Wypuścił dużą chmurę szarego dymu słysząc głosy z korytarza. Serce mu przyśpieszyło tok bicia. Wszędzie rozpozna głos swojego loczka. Powoli podszedł do drzwi, przyłożył ucho do wyrobu z drewna i nasłuchiwał rozmowy

-Świeże ręczniki i pościel, czy coś jeszcze? – zapytała pokojówka

-To wystarczy, dziękuję pani bardzo – w głosie Harry'ego dało się wyczuć, że jak to on, uśmiechnął się po swojej wypowiedzi

-Oczywiście, nich jeszcze powie mi pan numer pokoju

-228 – odpowiedział krótko, Louis uśmiechnął się pod nosem słysząc końcówkę numeru

-Świetnie, za godzinę zaraz kogoś przyślę, miłego wieczoru – lekkie, kobiece kroki zaczęły się oddalać.

Dziwne uczucie tknęło szatyna, kiedy nie usłyszał ruchu młodszego piosenkarza. Louis ciągle siedział przytulony do drzwi

-Kurwa! – był na granicy szeptu, a normalnego tonu, kiedy papieros cały się już spalił i poparzył jego palca.

Harry zdziwiony rozejrzał się dookoła i pośpiesznym krokiem wrócił do swojego pokoju.

Louis wbiegł do łazienki, gdzie od razu włożył dłoń pod strumień zimnej wody. Ciężko było to zrobić, gdyż ręce drżały mu niemiłosiernie. To był on. To był jego Hazza. Szatyn spojrzał w lustro. Jego policzki były zarumienione, źrenice powiększone, wargi spierzchnięte, a z ust wydobywał się co chwilę głośny wydech. Sam do końca nie wiedział dlaczego jego ciało tak zareagowało. Przecież tylko słyszał jego głos i to przez drzwi. Louisa ogarnęła panika. Bał się soboty niezmiernie. W końcu świadomość dopuściła to do siebie, co ma się wydarzyć. Nie wiedział, co wtedy może się stać, kiedy będzie śpiewał z Harrym, kiedy zapewne będą musieli się dotykać podczas nagrywania teledysku. Nagły atak paniki już dawno mu się nie zdarzał. Niebieskooki zsunął się po ścianie prosto na zimne płytki. Próbował się uspokoić.

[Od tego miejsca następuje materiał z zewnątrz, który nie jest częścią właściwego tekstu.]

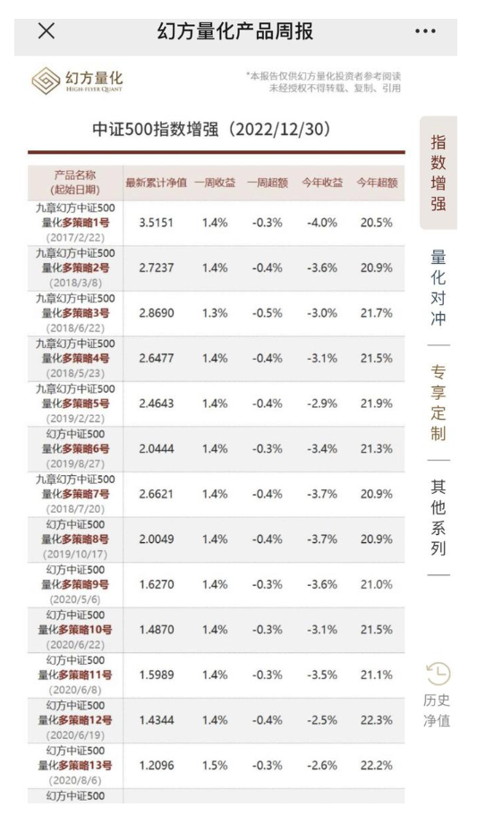 私募排排网数据显示,幻方量化旗下共有502只基金,截至2023年1月10日,幻方量化累计投资收益170.57%,近一年收益12.26%。1月9日私募排排网发布的私募业绩榜单显示,幻方量化2022年收益为0.38%,成为25家2021年、2022年均收益百亿私募之一。

Głęboki wdech i wydech Louis, pamiętaj... Oddychaj głęboko, zaraz przejdzie

W głowie szatyna pojawiła się inscenizacja jednego z pierwszych napadów paniki. Przed pierwszym koncertem miał go pierwszy raz. Siedział na fotelu, myślał że to już koniec i nigdy więcej nie będzie w stanie wziąć normalnego oddechu. W tedy ujrzał zakłopotane zielone oczka z przerażeniem patrzące na niego. Harry ujął jego dłoń i zaczął powtarzać te słowa jak mantrę w międzyczasie składając delikatne cmoknięcia na zewnętrznej stronie dłoni starszego. Mimo wszystko pomogło mu to.

Louis się uśmiechnął na wspomnienie tej sytuacji. Nawet nie zauważył, że jego atak już minął. Szatyn powoli podniósł się, by po chwili rozłożyć się na wielkim łożu.